That’s a great question. I think of it less as having survived as having become. So it’s about surviving [the white gaze], but it’s also about becoming who I am—becoming a Black woman, the Black woman I know and feel to be true and my authentic self, for lack of a better term. That’s what ultimately allowed me to write the book. But as long as we live in a white-supremacist, structurally racist country and society, we’re all surviving it. We’re all trying to get out from under it.

Do you have any hopes about what young Black girls, especially those who are either adopted into white families or living in white communities, might feel or get out of reading this story?

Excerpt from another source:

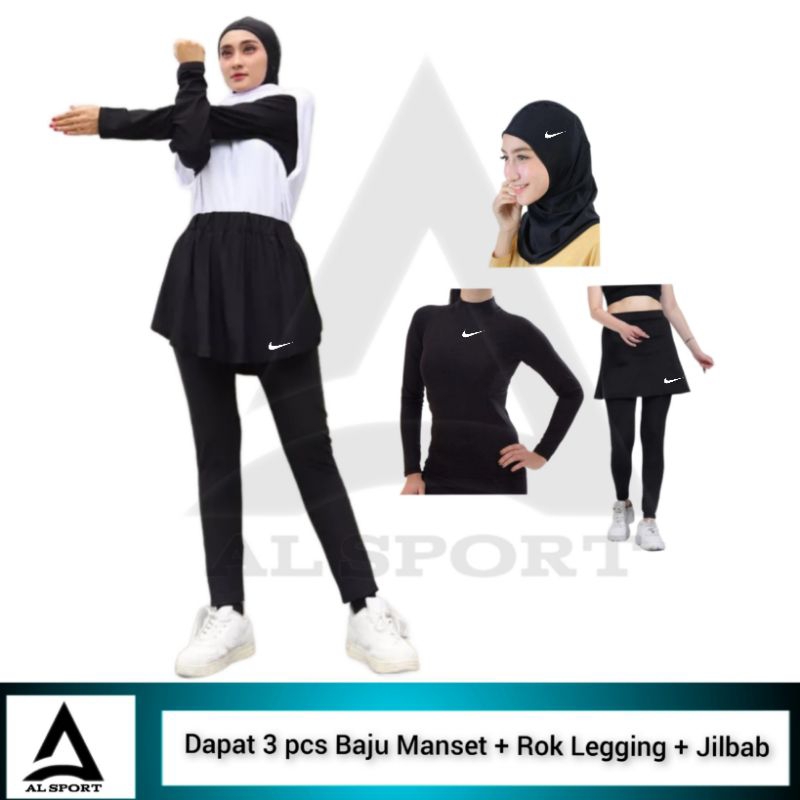 3 IN 1 - Stelan Olahraga Wanita Baju Manset Lengan Panjang Rok Legging Dan Jilbab Sport Lari Voly Senam Joging

Your story is bigger than your adoption, and if you or your parents don’t have the resources, or [they] haven’t figured out how to equip themselves with the resources, then you can go deeper into who you are on your own. [That’s] a really important message, certainly for adoptees, because that’s ultimately how I survived. Despite all the missteps, the insecurity, the trauma, and the difficulties, there was this sense inside of me that I was bigger than just the adoption, that I was bigger than just a Black girl in a white family. I write about reading Zora Neale Hurston’s passage, “How can anyone deny themselves my company?” Seek and find that connection to places like [the one Hurston created], whether you find it in literature or in art. The ancestors are always looking out for you, whether or not you have Black community.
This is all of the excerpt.